The legislators inquired about the possibility the PRC may have used a network platform manipulation campaign on Twitter, resulting in restricted access to news about protests in the PRC, citing concerns about the potential impacts of PRC’s cyber capabilities.

“We are gravely concerned about the potential impacts of the PRC’s growing cyber-enabled capabilities, including foreign malign influence operations, on U.S. national security interests both at home and abroad,” the legislators wrote. “We respectfully request that you provide us with additional information regarding the recent malicious activity and include any indications whether this activity was directed by the PRC.”

Chinese protestors recently took to the streets of several major cities and university campuses after a fire killed 10 people and injured nine in Urumqi, the capital of the Xinjiang region. Protestors blamed the PRC’s coronavirus lockdown measures for delaying the firefighters’ arrival and called for an end to the restrictions.

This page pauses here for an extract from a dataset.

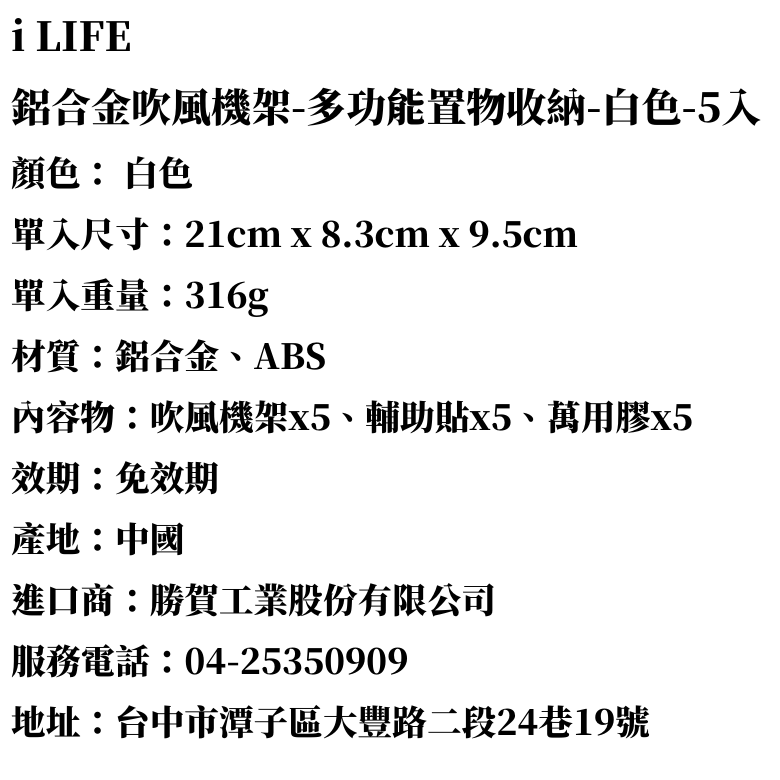 i LIFE 鋁合金吹風機架-多功能置物收納-白色-5入

“CCP authorities violently cracked down on the protests, reportedly beating, dragging and pushing protestors,” the legislators wrote. “Video evidence of these confrontations, however, was suppressed online. CCP censors scrubbed them from the internet in China, and on Sunday, Nov. 27, numerous Chinese-language accounts and bots spammed Twitter with links to escort services alongside city names in what researchers believe was an effort to suppress news regarding the widespread protests.”

The legislators specifically want to identify how recent changes at Twitter impact the threat of CCP foreign influence operations on social media, asking if Twitter:

  • Had any indication that the obstruction of access to Tweets on recent demonstrations in the People’s Republic of China was state-led;
  • Has any evidence on its platform of efforts by the People’s Republic of China or any other state actors to deliberately suppress access to information through the use of bots or other manipulations;
  • Can identify large-scale misinformation, disinformation, and information suppression on its platform as it occurs;
  • Has measures in place or underway to block efforts to prevent access to information through the network, given its emphasis on free speech.